MMP2 Il plasmide di attivazione CRISPR (m) fornisce un approccio mirato e non distruttivo per sovraregolare l'espressione endogena di Mmp2 senza alterare la sequenza di DNA sottostante.
MMP2 Il plasmide di attivazione CRISPR (m) è un sistema SAM (mediatore di attivazione sinergico) a tre plasmidi progettato per la sovraregolazione trascrizionale altamente efficiente e sito-specifica del locus Mmp2 nelle linee cellulari umane. Il sistema è costruito attorno a una Cas9 cataliticamente inattiva (dCas9) che porta due mutazioni inattivanti (D10A e N863A) che eliminano l'attività nucleasica preservando al contempo il legame con il DNA. Questa dCas9 è fusa con VP64, un potente attivatore trascrizionale, ed è coespressa con un gene di resistenza alla blasticidina per la selezione. Il secondo plasmide codifica la proteina di fusione MS2-p65-HSF1, un complesso attivatore secondario che agisce in sinergia con dCas9-VP64, insieme a un gene di resistenza all'igromicina. Il terzo plasmide codifica un sgRNA specifico per il bersaglio di 20 nt fuso a due aptameri di RNA MS2 che reclutano il complesso MS2-p65-HSF1 nel sito di attivazione, accompagnato da un gene di resistenza alla puromicina. I tre plasmidi vengono somministrati in un rapporto di massa 1:1:1 per un'espressione bilanciata di tutti i componenti del sistema.

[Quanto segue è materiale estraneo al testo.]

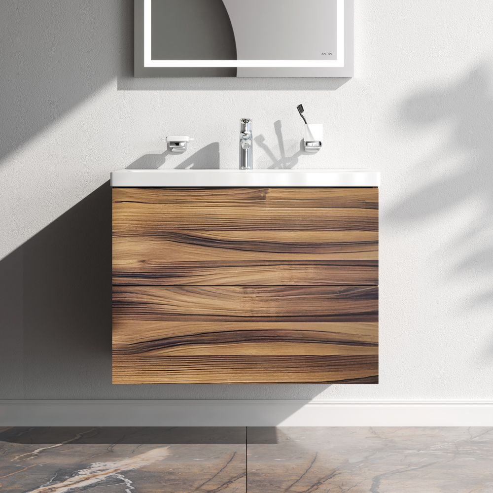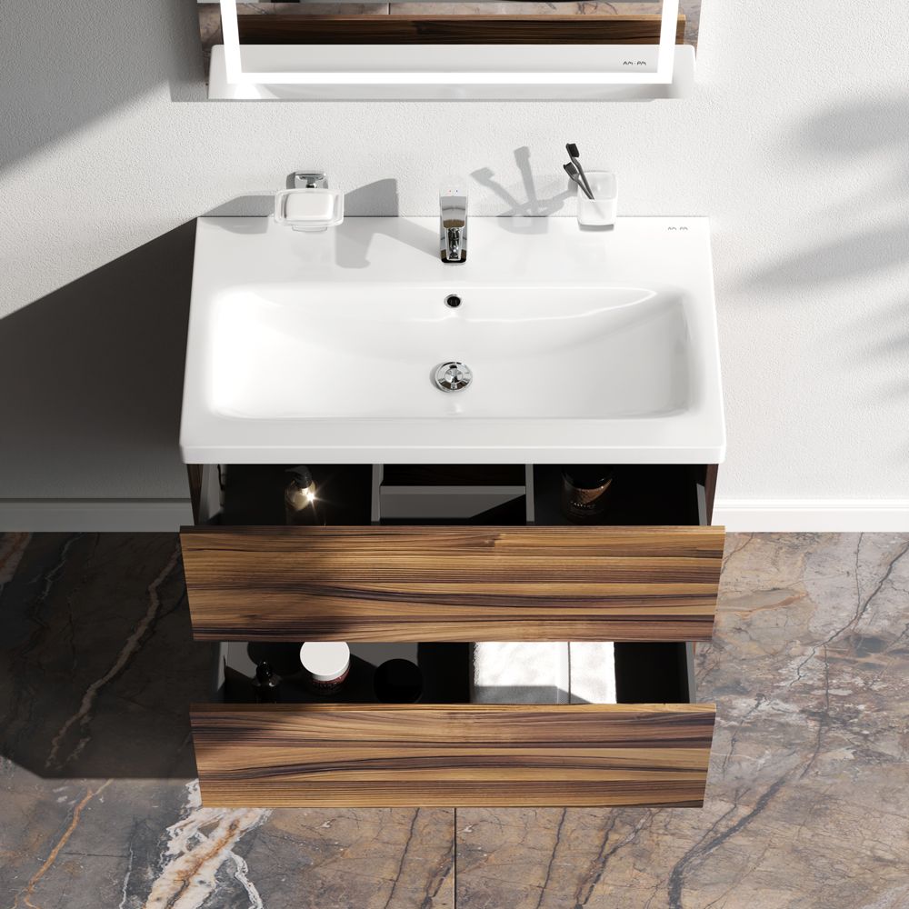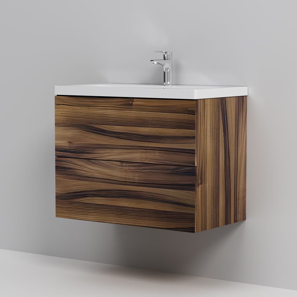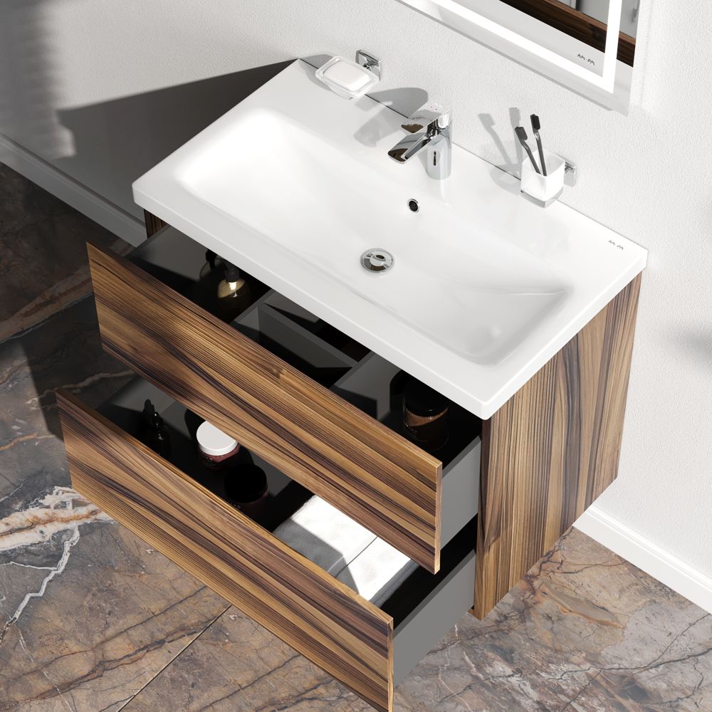 Представляем расширение цветовой палитры коллекции Gem в цвете “орех”. Подвесная база под раковину изготовлена из влагостойкого ЛДСП. Внутреннее пространство двух вместительных ящиков представлено в цвете антрацит с антискользящим эффектом.

Una volta assemblato nel locus bersaglio, il complesso SAM si lega a circa 200 bp a monte del sito di inizio della trascrizione Mmp2, dove VP64, p65 e HSF1 agiscono in modo concertato per reclutare il machinery trascrizionale e guidare la sovraregolazione dell'espressione endogena di MMP2. A differenza della Cas9 con attività nucleasica, dCas9 non introduce rotture a doppio filamento né modifica la sequenza genomica, preservando il locus Mmp2 nativo e consentendo lo studio delle risposte trascrizionali dipendenti da MMP2 nel locus endogeno, rendendolo uno strumento prezioso per studi funzionali, l'identificazione di geni bersaglio e la modellizzazione del ripristino della via MMP2 nelle cellule tumorali con espressione di Mmp2 silenziata o ridotta.
Solo per uso di ricerca. Non destinato a uso diagnostico o terapeutico.